What is the IIR top-up tax?

The IIR top-up tax rule is the primary taxing rule. It requires an ultimate parent entity of a group to determine whether the entities in its group had an effective tax rate of 15%. This is calculated on a jurisdictional basis for each jurisdiction in which those entities are located. 

If the effective tax rate is below the minimum rate, the parent entity will pay an additional amount of tax. The objective is to increase the overall level of taxation in respect of that jurisdiction to bring the effective tax rate to 15%. 

There are special rules for intermediate parent entities and partially-owned parent entities and certain exclusions. 

The IIR top-up tax comes into effect for fiscal years commencing on, or after, 31 December 2023. 

What is the UTPR top-up tax?

The UTPR top-up tax rule is a secondary taxing rule designed to operate as a backstop to the IIR top-up tax. It ensures that top-up tax is allocated to group entities in implementing jurisdictions. The tax may apply if a group does not have a parent company in a jurisdiction that has implemented Pillar Two. 

The UTPR comes into effect for fiscal years commencing on, or after, 31 December 2024. There are certain limited circumstances where it may apply on, or after, 31 December 2023. 

What is the domestic top-up tax?

A domestic top-up tax allows allows jurisdictions to collect any top-up tax due from domestic entities before the application of IIR or UTPR top-up tax. It is creditable against any IIR or UTPR top-up tax liability. The IIR or UTPR top-up tax may not apply in respect of domestic entities where the domestic top-up tax is granted Safe Harbour status by the OECD.

Ireland has introduced a domestic top-up tax which will comes into effect for fiscal years commencing on, or after, 31 December 2023. 

What entities are within the scope of the legislation?

The rules apply to Multi National Enterprises groups or large-scale domestic groups. These rules apply where the revenue of the group exceeds €750m in two of the previous four fiscal years. For the purpose of the domestic top-up tax, Part 4A extends the rules to standalone entities that meet the revenue threshold. Certain entities, referred to as excluded entities, are outside the scope of the rules.

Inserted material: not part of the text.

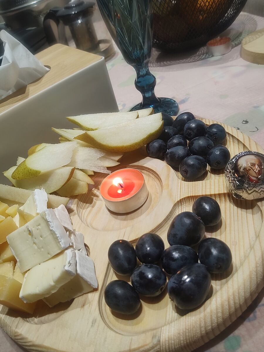 Сначала подумала красиво. Потом отмела конфеты с марципаном, ничего более гадкого сладкого не ела, потом сыр, не люблю никакой кроме радомер, маздам, и сливы..сначала подумала что виноград. Очень на любителя. Но хорошо вам провести время)

Administrative requirements

Work is ongoing on producing Revenue guidance which will deal with administrative requirements. This will be updated in due course.

Note

Part 4A of the Taxes Consolidation Act 1997 transposes Council Regulation (EU) 2022/2523 of 15 December 2022 on ensuring a global minimum level of taxation for multinational enterprise groups and large-scale domestic groups in the European Union.